Diskussion und Fazit

Nach Meinung der Autoren gibt es viele Kliniken, die Untersuchungen bei Säuglingen und Kleinkindern durchführen. In der Literatur finden sich hier zu wenige Daten, so dass es insgesamt eine zu geringe Diskussion über das Verfahren und die Ergebnisse der pädiatrischen Dysphagiologie gibt. Insbesondere die phoniatrische Beteiligung in diesem Bereich ist wenig ausgeprägt. Die Schluckdiagnostik in der Pädiatrie ist kein Novum.
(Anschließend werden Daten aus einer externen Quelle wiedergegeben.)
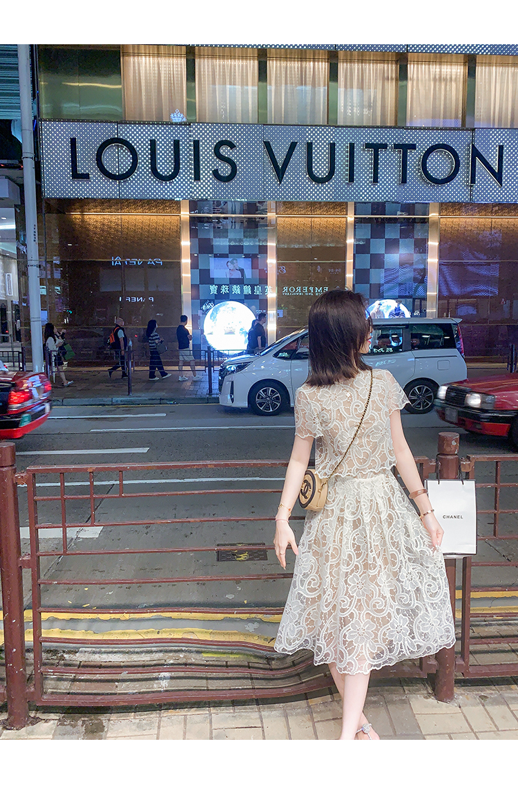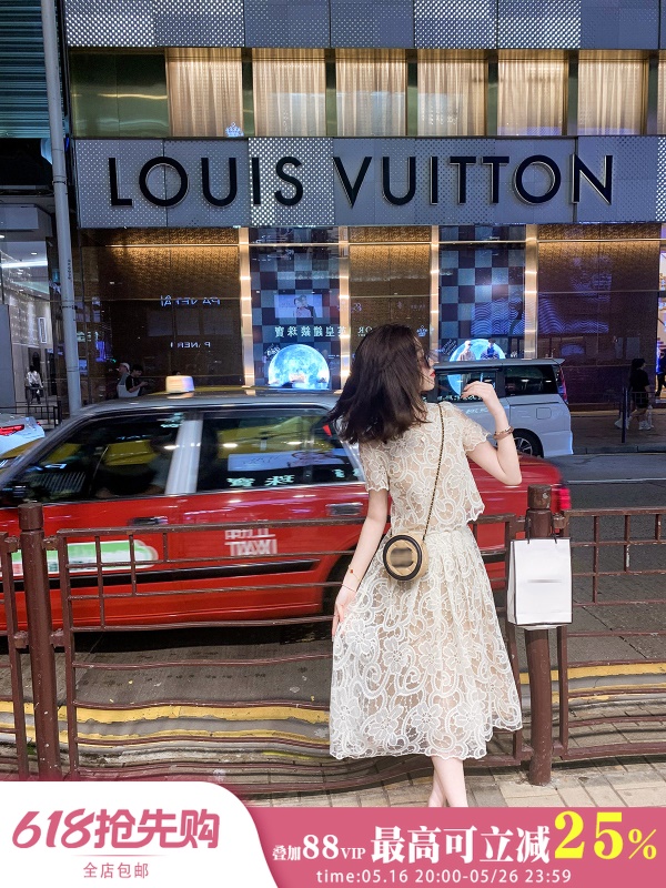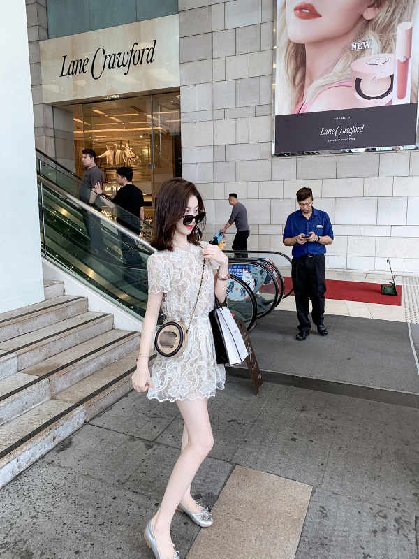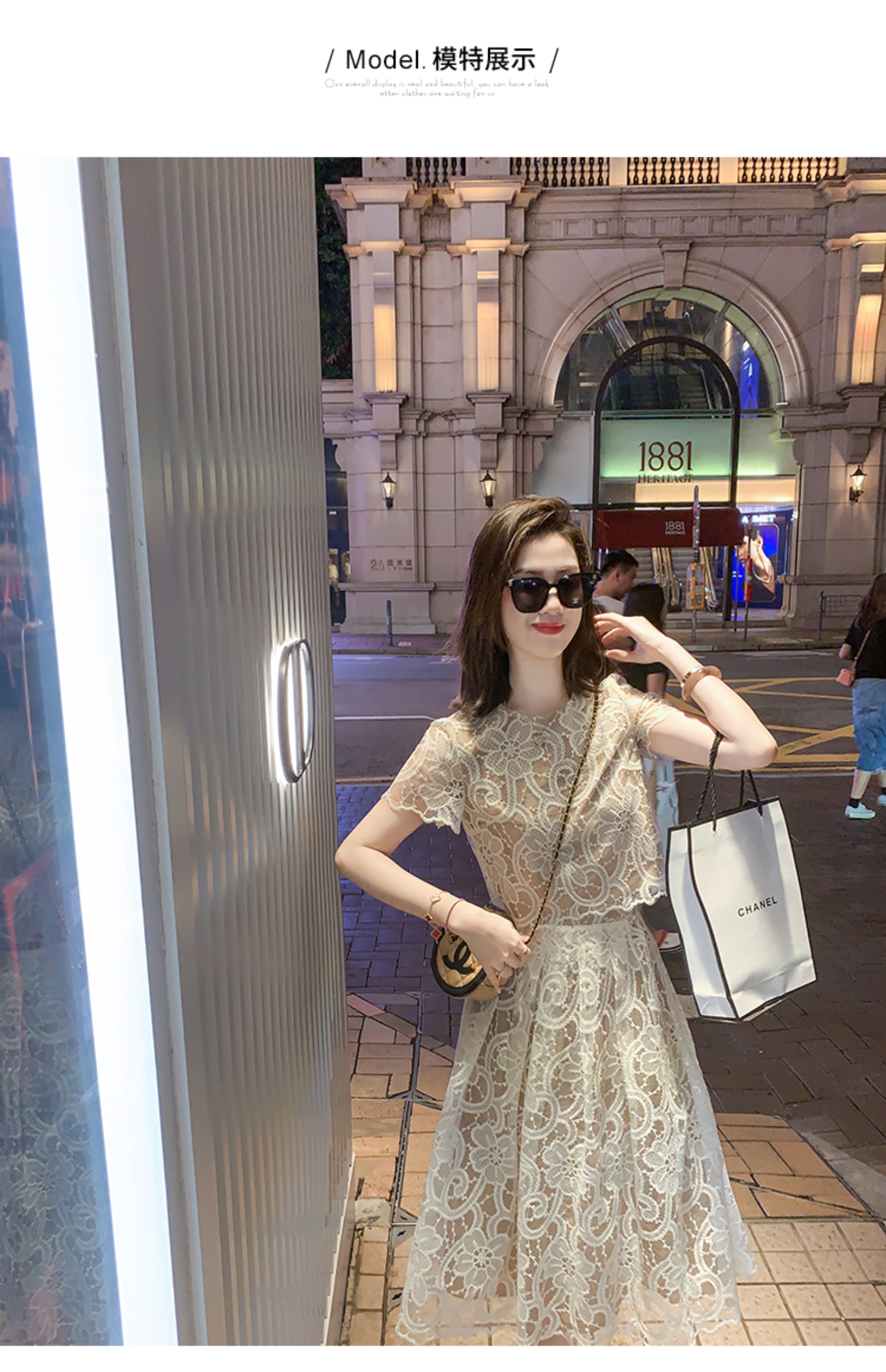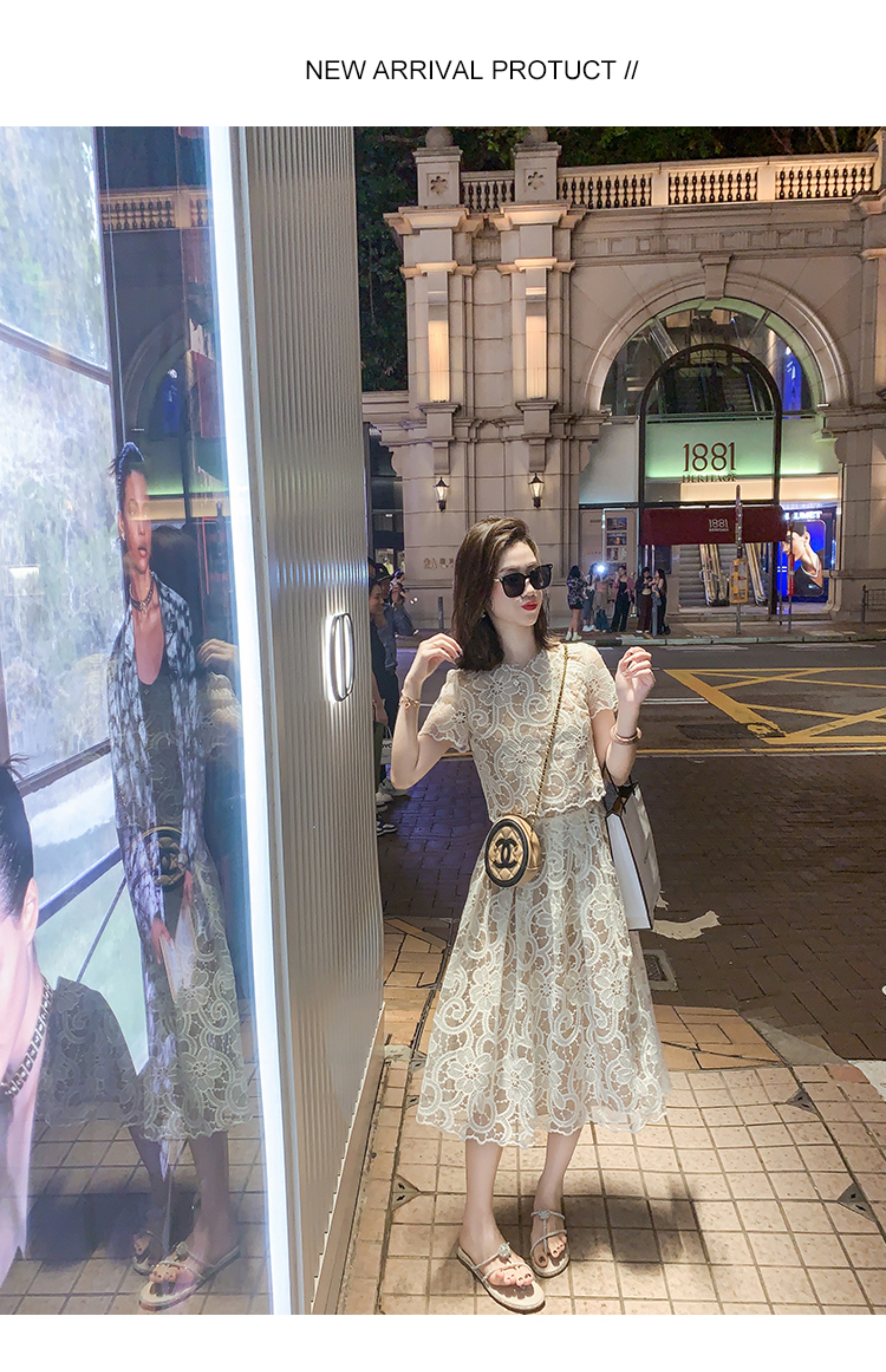[限时折扣] 设计感钩花蕾丝套装连衣裙女2025夏季新款两件套裙子

Phoniatrisch und hals-nasen-ohrenärztliche Fachkenntnisse sind in der pädiatrischen Dysphagiologie aber unabdingbar. Die Autoren möchten mit ihrem Vortrag, anhand ihrer etablierten Verfahren und der Ergebnisse, zu diesem Thema eine kontroverse Diskussion anregen um die pädiatrische Dysphagiediagnostik in der Phoniatrie weiter voranzubringen. Wichtig ist eine korrekte Darstellung einer möglicherwiese zugrunde liegenden Erkrankung. Aus Sicht der Autoren ist die Untersuchung nach einer entsprechenden Aufklärung und Einbeziehung der Eltern gut durchführbar. Nach erfolgreicher, durch die FESU angepasster Therapie, konnten inzwischen alle Kinder voll oralisiert werden.


Literatur

1.
Arens C, Herrmann IF, Rohrbach S, Schwemmle C, Nawka T. Position paper of the German Society of Oto-Rhino-Laryngology, Head and Neck Surgery and the German Society of Phoniatrics and Pediatric Audiology - Current state of clinical and endoscopic diagnostics, evaluation, and therapy of swallowing disorders in children. GMS Curr Top Otorhinolaryngol Head Neck Surg. 2015;14:Doc02. DOI: 10.3205/cto000117 Externer Link
2.
Langmore SE, Schatz K, Olsen N. Fiberoptic endoscopic examination of swallowing safety: a new procedure. Dysphagia. 1988;2(4):216-9.